Una mujer tan hermosa, de unos treinta y pocos años, cabellos rojizos hasta los hombros, ojos verdes penetrantes. Delgada, con aquel vestido escotado, con aquella clase… y mi madre, que comparación…
Busco mi móvil en la mochila, estaba apagado.
Lo conecto al ordenador y enciendo el Messenger, tengo una invitación a conversación para tres.
Acepto.
Dylan dice:
¡Lía! ¿dónde estabas, tía?
Lía dice:
Lo siento chicos…
Clark dice:
¿Qué ha pasado con los guaperas?
Dylan dice:
He llamado a tu casa, tu madre estaba histérica.
Lía dice:
He pasado todo el día con él… el móvil se debió apagar solo, lo siento.
Clark dice:
¿Qué habéis hecho?
¡Tienes que contárnoslo todo!
Vengaaa…
Dylan dice:
Por fiiii…
Lía dice:
Tal vez mañana… ahora estoy algo cansada, mañana hablamos chicos.

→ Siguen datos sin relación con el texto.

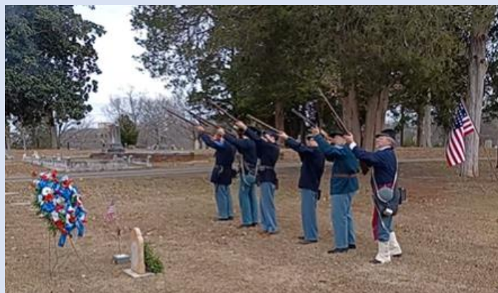
Firing the musket salute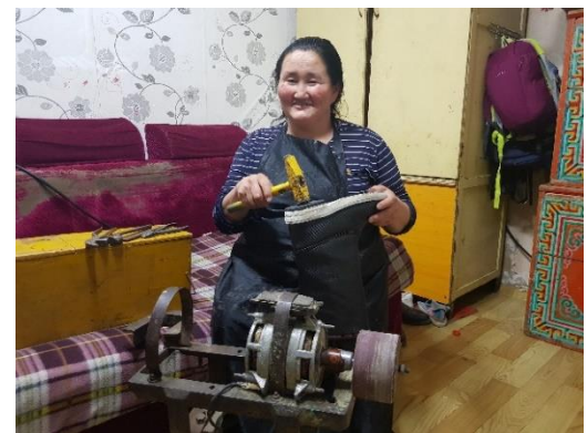
Beneficiaries of the Graduation Approach are exposed to alternative livelihoods (eg. shoe-making, etc) and can receive sponsored equipment in addition to the skills trainings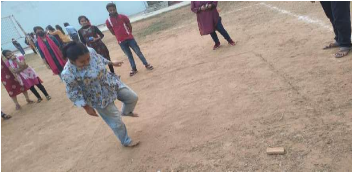
Social science play school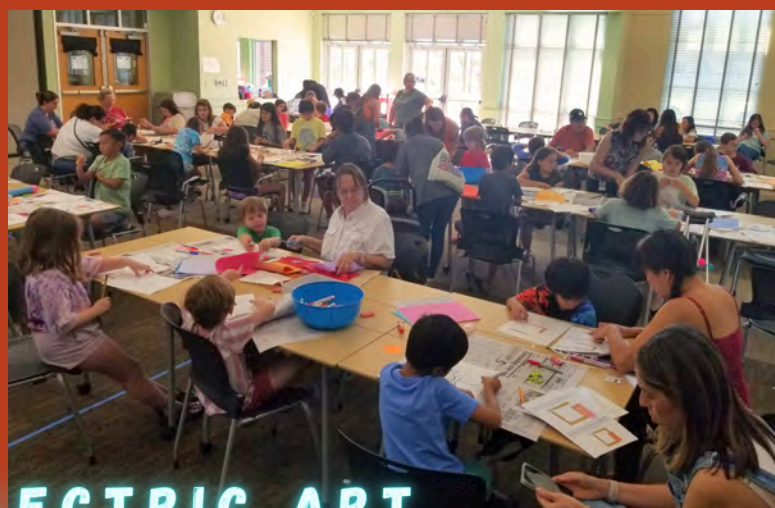
SUMMER STEAM LAB- ELECTRIC ART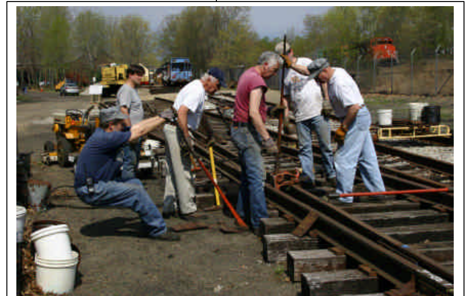
Members of the work the switches that will eventually see track going to the Columbia Junction Roundhouse turntable area. Note that during the hard labor New England Central's train 608 rolls by heading south.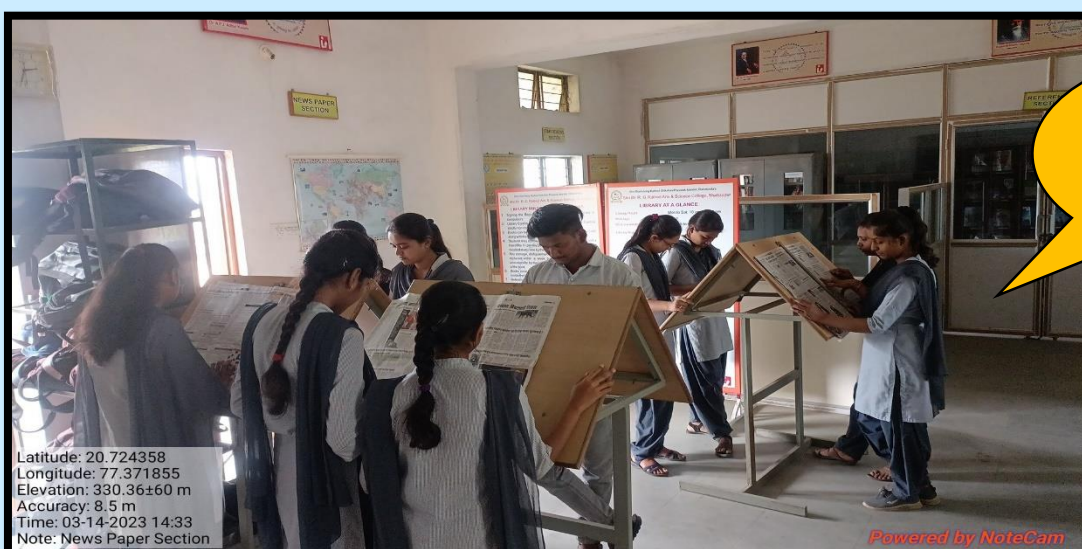
News Paper Section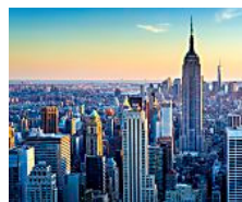
This Startup Wants To Turn Your $5K Into $2.5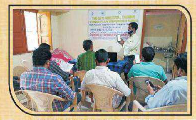
Mobile Application Training Program for farmers. Understanding the market and getting information on agriculture.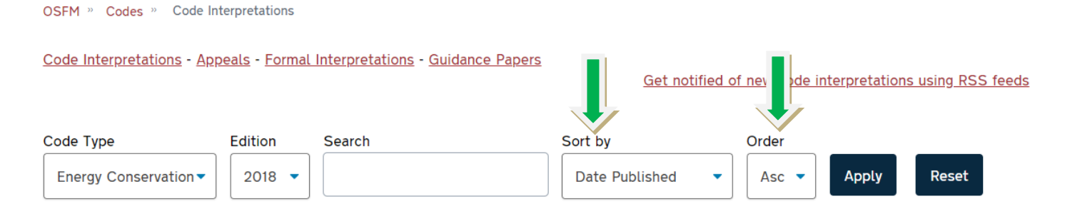
FIGURE 4: NEW LOOK OF CODE INTERPRETATIONS LANDING PAGE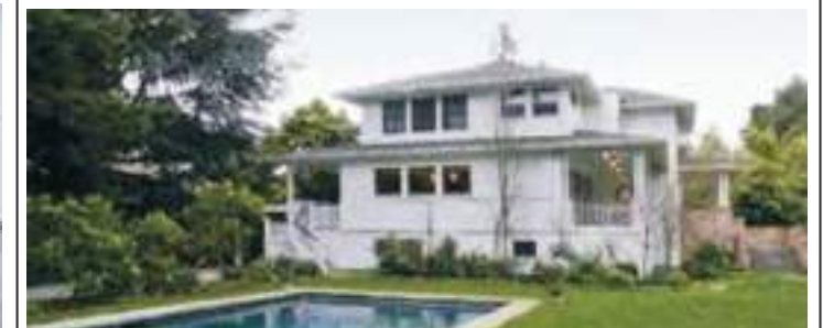
Mark Zuckerberg Worth: $55.5 billion Home: Palo Alto, California

His home sits on a corner in Omaha, Nebraska, which he bought in 1958 for $31,500. Mr. Buffett has lived there ever since. The house, originally built in 1921, underwent several expansions to make it a cozy and comfortable 6,500-square-foot home for the man who has a net worth of over $65.5 billion.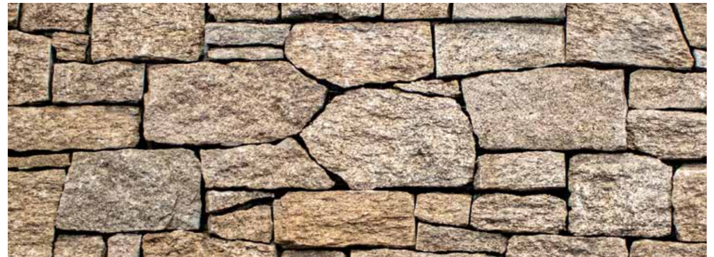
RUSTIC GRANITE Granite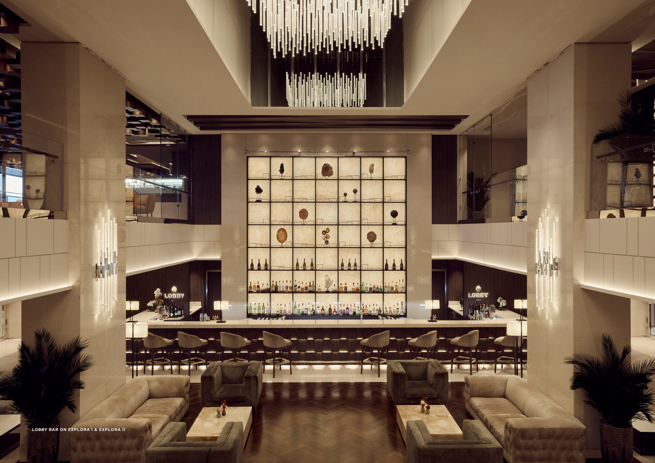
LOBBY BAR ON EXPLORA I & EXPLORA II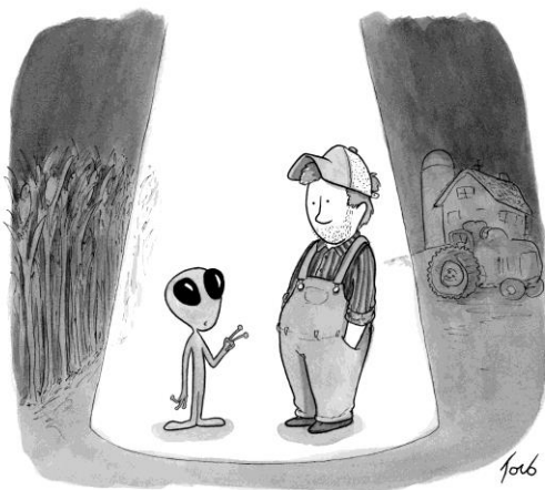
“It’s entirely your choice: a crop circle followed by a probing, or a probing followed by a crop circle.”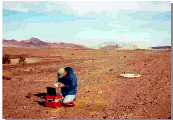
GEONICS EM-47 TDEM SYSTEM

The scope of work included the following: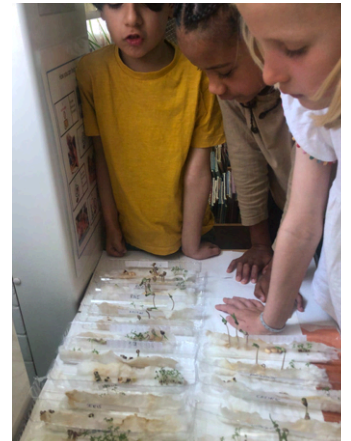
Children observing growth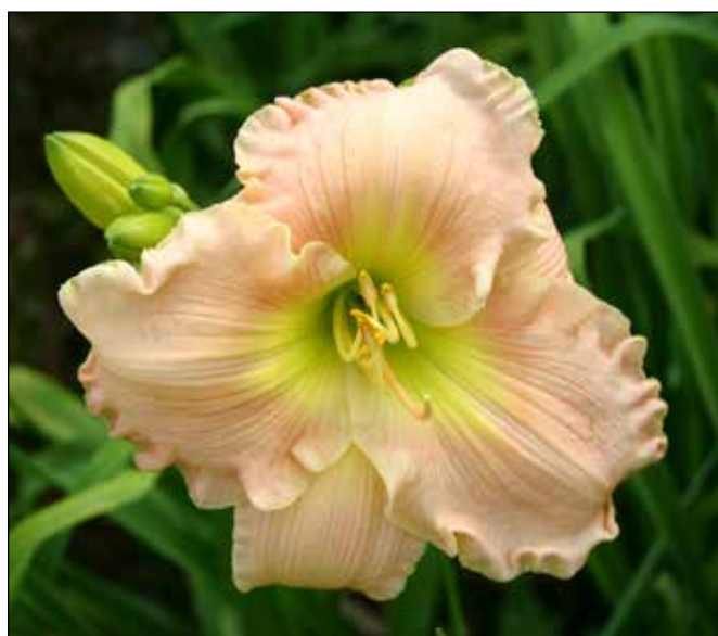
H. 'Rachel Billingslea' (Billingslea 1990)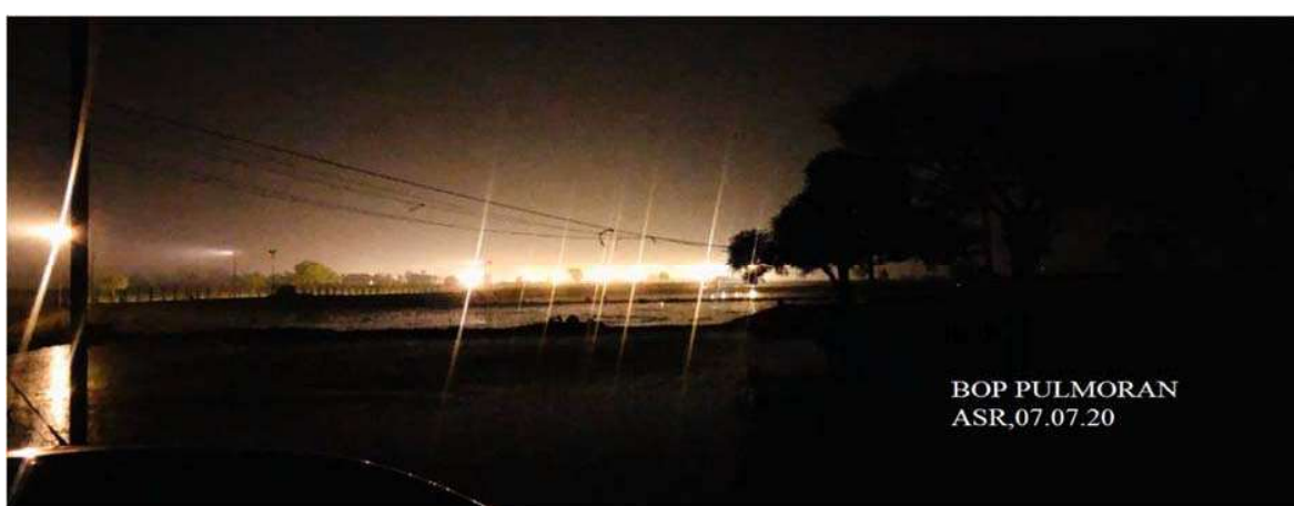
Replacement of Border Flood Lighting infrastructure along Indo-Pak Border under Punjab Frontier (in progress)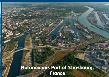
Autonomous Port of Strasbourg, France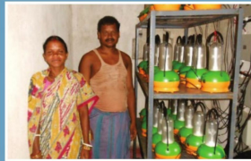
Setting up solar charging stations and distribution of solar lanterns in Odisha

By supporting projects for setting up solar PV panel in various institutions, development of Public Park, conservation & sustainable management of bio resources etc.

Ni si quiera sé si puedo hablarles de lo que ha sucedido y tampoco sé que debería contarles. Ha sido un día de locos, no he logrado sacar nada en claro y lo peor de todo, es que he pasado todo el día con él y sigo sin saber quién es realmente.
No obstante, mantendré mis dudas en cuanto a las fechas de aquella lápida, porque… ¿Y si realmente falleció el 11 de febrero del 1843?
La noche transcurre y casi no logro conciliar el sueño. Estoy inquieta y solo quiero saber qué sucederá mañana….
¿Vendrá James a buscarme?
¿Qué pensará la gente, cuando nos vean?